Well, all we want to do is catch any error that the app experiences, write
the error stack, the page name, and other information to the database, and
send an email to the developers. We already handle some small stuff with
try/catches and appropriate messages to the user within applications. This
is for data connection problems, 404's, etc. that wouldn't be the user's
fault.
I was under the impression that you could do it piecemeal in each page, OR
consolidate it in the Application_Error function. Any error that doesn't
get caught in the Page_Error, or any error that IS caught but isn't cleared,
gets caught by the Application_Error in the global.
Since we're just capturing each error for our notifications purposes and not
having different actions for each page, I thought that the best thing to do
would be to do this once in the Application_Error. The error gets put in
the database, the email gets sent, and the user is shown an error page as
assigned in the CustomErrors node in the web.config.
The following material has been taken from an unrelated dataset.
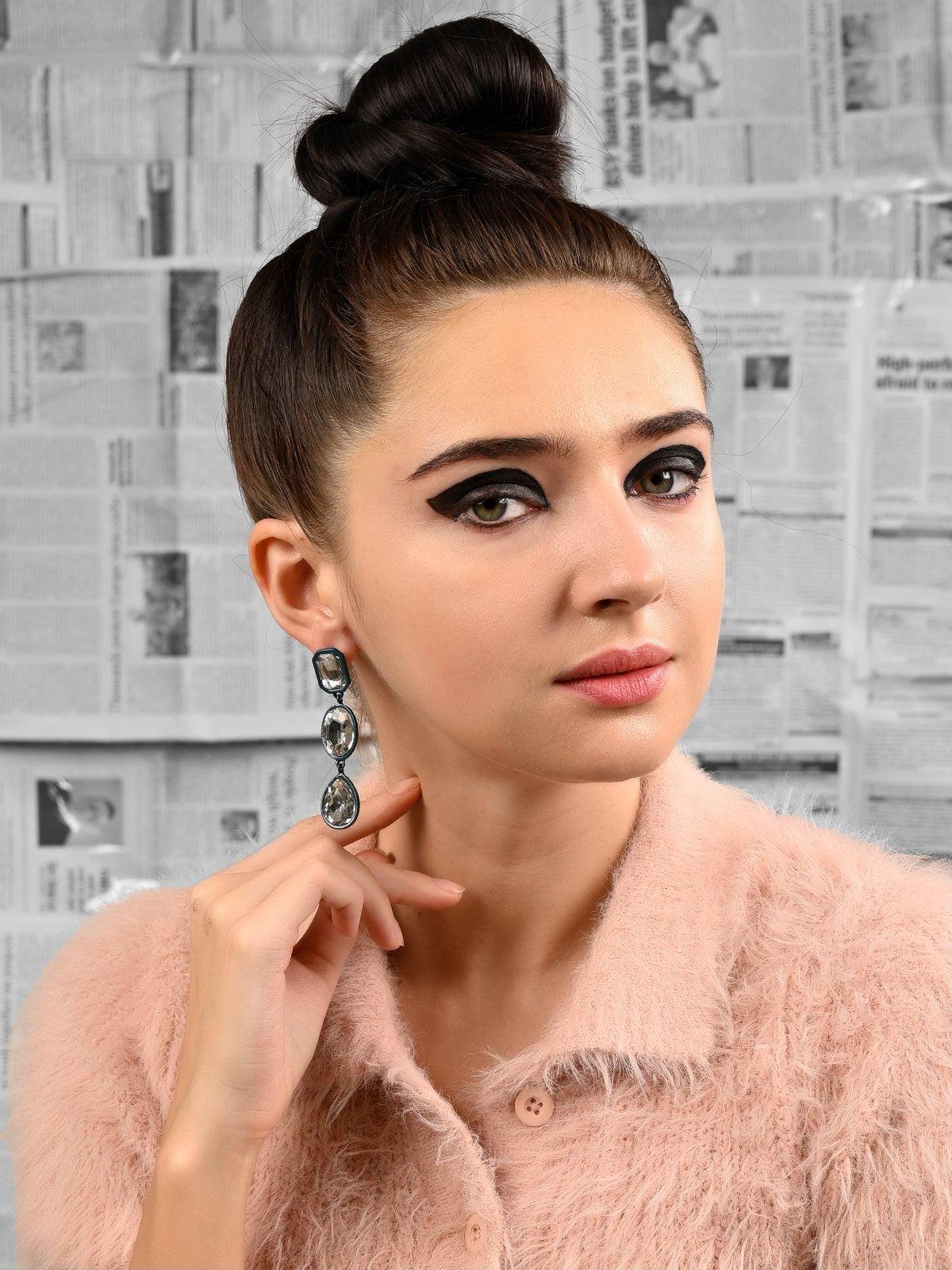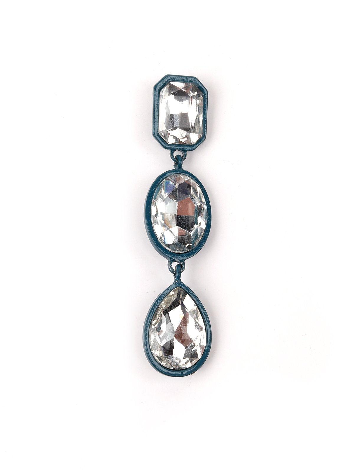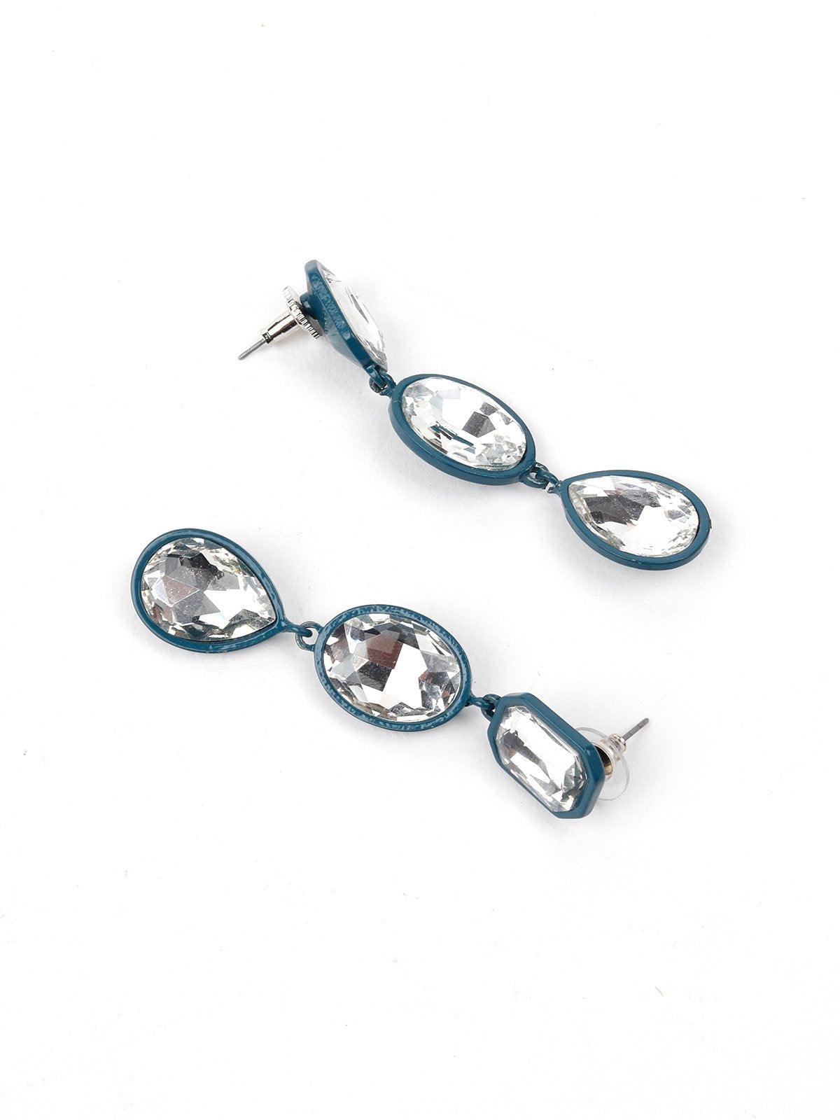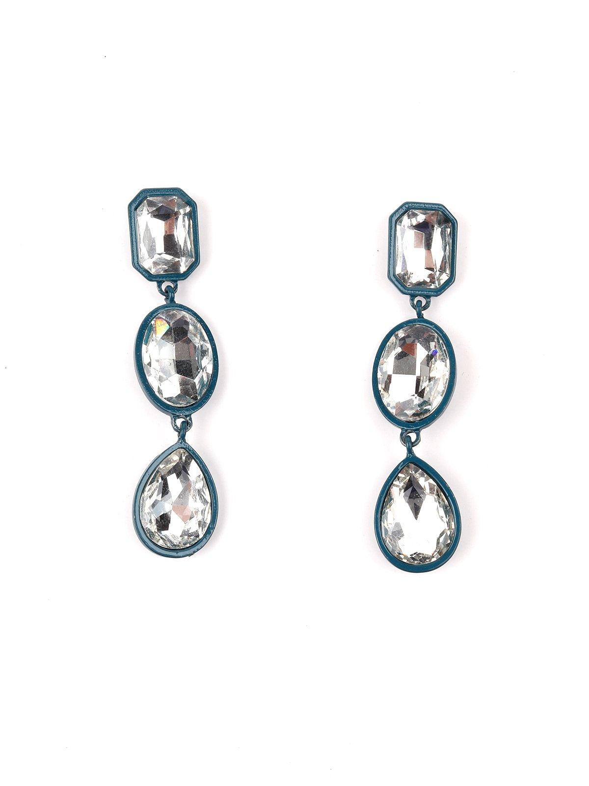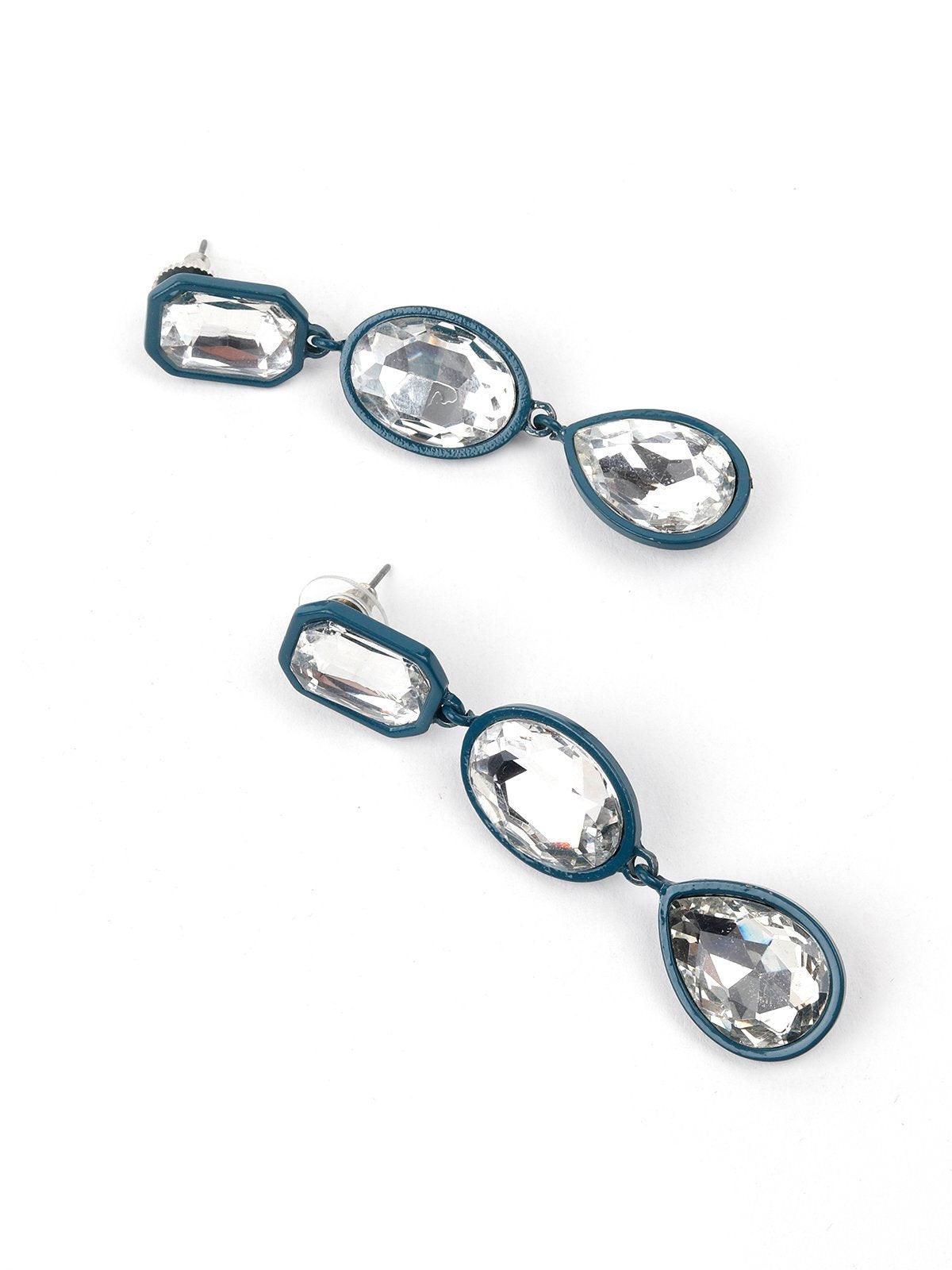 Elegant dangle earrings with high-quality square, oval and teardrop-shaped artificial crystals. The body of the earrings blue plated stainless steel.

Other developers here feel that we should have both the Application_Error
AND the Page_Error in use; but they are not talking about having specific
Page_Errors for individual pages. They are talking about putting a
catch-all Page_Error in our custom Page base class, from which all our pages
inherit. The justification that was offered for this is that they say there
are errors that aren't necessarily 'application errors' but are actually
'page errors', and that these errors will not be trapped by the
Application_Error function... but they will be caught by the Page_Error
function. I tend to believe that isn't true; any .NET error will be caught
by the Application_Error (since the application is actually the entire
website); and that in this situation, using both the Application_Error and
the Page_Error is redundant.
Am I wrong? If so, could someone give me an example of some C# code that
could cause an error that would be trapped with the Page_Error function but
not by the Application_Error function?